Crítica de Danza

Juan Luis Matilla, ni baila ni canta solo

El artista presenta su última propuesta con el título «Da Mopa», que ha calificado como un concierto bailado

Juan Luis Matilla, ni baila ni canta solo
Marta Carrasco Sevilla - Actualizado: Guardado en: Cultura

Juan Luis Matilla nunca presenta espectáculos convencionales sino que todas sus propuestas tienen una locura perfectamente estudiada con la que nos sorprende cada vez más. El teatro Central acogió este fin de semana el estreno absoluto de la última propuesta de Matilla con el título de «Da Mopa», que ha calificado como un concierto bailado.

Pero esta obra es mucho más que un concierto bailado. Son cincuenta minutos donde un público instalado alrededor del artista, iluminado en principio por un cenital -él y sus artilugios para hacer música- se lo pasa bomba. Porque «Da Mopa» consigue que la gente, sentada en el suelo o de pie, se meta en el espectáculo, se mueva, de palmas, se ría, baile o se quede asombrado cuando intervienen algunos invitados sorpresas.

Pero no es una reunión improvisada de amigos, es un espectáculo que sin una planificación casi milimétrica, a pesar de parecer todo lo contrario, no podría realizarse como Matilla lo hace.

El bailarín, cantante y compositor, cuenta con varias intervenciones estelares, como es el «Forever young» que canta la siempre genial Isabel Vázquez, «que me perdone Alphaville», dijo con humor la bailarina y coreógrafa. Y no quedó ahí la cosa. También bailó Natalia Jiménez, y cantó y bailó Raquel Luque, e hicieron coros Ana Morales y Ellavled Elcano, mientras la bailarina Laura Morales nos dejó anonadados con una rumba al estilo de «casette de gasolinera» que fue uno de los momentos más divertidos de la obra. Al final, Silvia Balbín culminó en solitario el espectáculo con un emocionante «Enola Gay», mientras Matilla nos invitaba a verla desde lejos, moviendo una vez más al personal dentro de una sala libre de butacas.
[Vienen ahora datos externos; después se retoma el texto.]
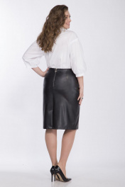 Юбка женская прямого силуэта из экокожи на замшевой основе. Пояс на обтачке из декоративной эластичной тесьмы. Перед юбки с крестообразным сечением из четырех деталей. Спинка на застежке молния в среднем шве, переходящем в шлицу. Длина изделия по боковому шву 64 см. Реальные замеры 52 от-92см, об-112см, 54 от-96см, об-116см, 56 от-100см, об-120см.
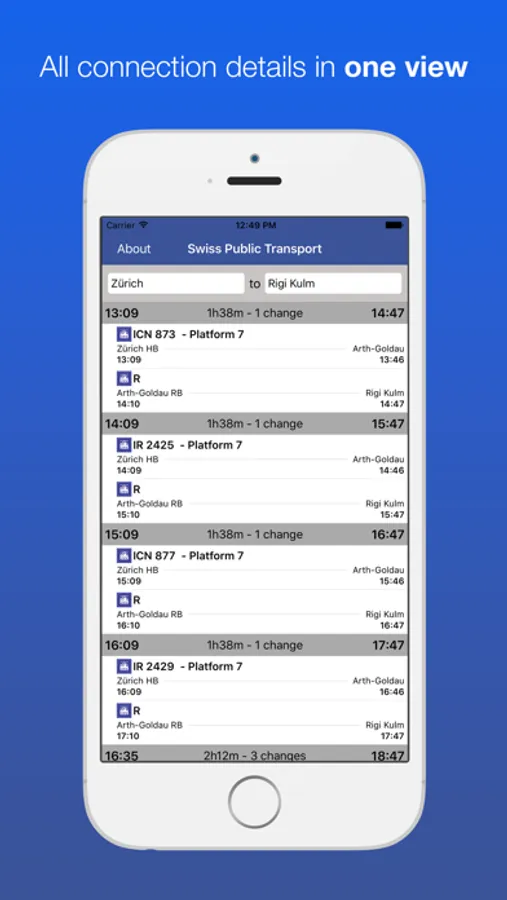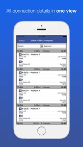 This app is your personal public transport assistant for Switzerland! Whether you are using it for your daily commuting or if you are going for a hike in the Alpes, this application will provide you live connections all over Switzerland.

«Da Mopa» es un salto cualitativo en la creación artística de Juan Luis Matilla, no sólo porque es un espectáculo donde le vemos bailar, y mucho, sino también porque ha creado un espacio sonoro de calidad, eligiendo muy bien los temas versionados y creando una música original que se engarza de forma natural durante toda la propuesta. El baile, la voz de Matilla, el esfuerzo de cantar y bailar a la vez que nunca es fácil, los invitados..., «Da Mopa» es un montaje de danza-performance muy divertido, de los que una sale del teatro con el buen gusto de haber sido sorprendida. Y eso siempre es bueno.